(DATASET RECORDS Opens)

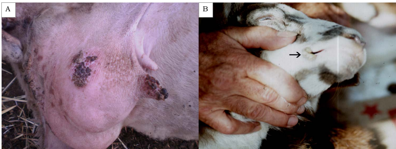
Figure 2 Representative lesions of orf in the teats of ewes and around the lips and the nostrils of their lambs. (a) Orf scabs in the body of a teat and the skin of the udder of a ewe. (b) Orf lesions in the commissures of the lips of a lamb.

The 'GRE-2 teat 2004' Orf virus strain (isolated from cases of orf in the teats of ewes and around the lips and the nostrils of their lambs) clustered together with the following strains: Hoping and Taiping from Taiwan, Cro-Goat 11727/10 from Croatia, Hub/2009 and ORFV/
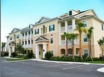
Group Housing Complexes
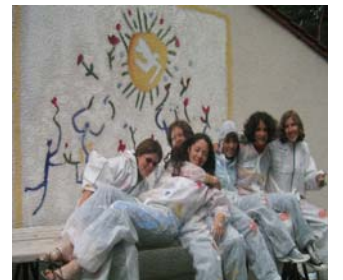
Social services activities during WYD 2005
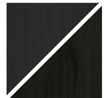
ASH C44 / OAK C44 Black matt lacquered

We treated this wood with our 'Grey brown oil'.
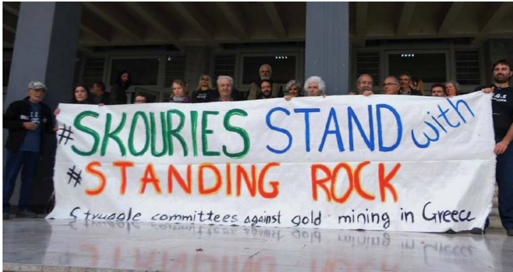
Figure 3. A banner held by Greek activists against gold mining, linking their struggle against mining to the struggle of Indigenous groups against the Dakota Access oil pipeline. On the day Barack Obama visited Athens in November 2016, the banner was placed in front of the building housing the US consulate in Thessaloniki, N. Greece.
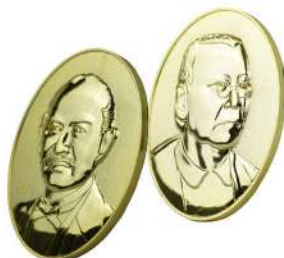
3D COIN FACE PHOTO
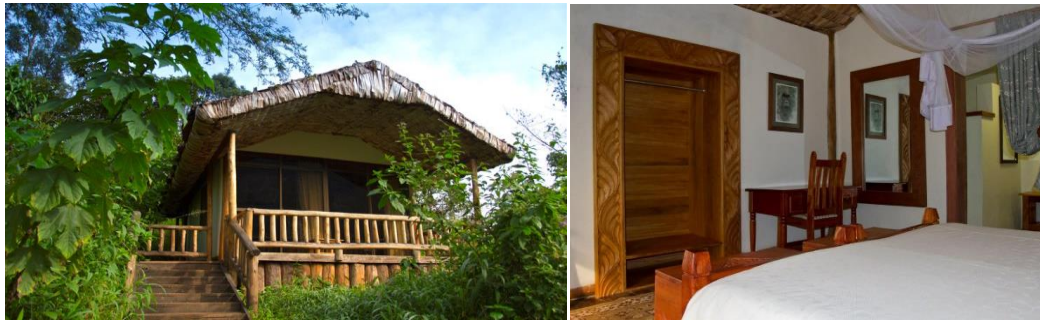
Engagi Bedroom / Cottage

(DATASET RECORDS Closes)

> DIRECTIONS FOR THIS TASK
Say how many lines in the data above contain the string "with", and give no other output.

> TASK SOLUTION
2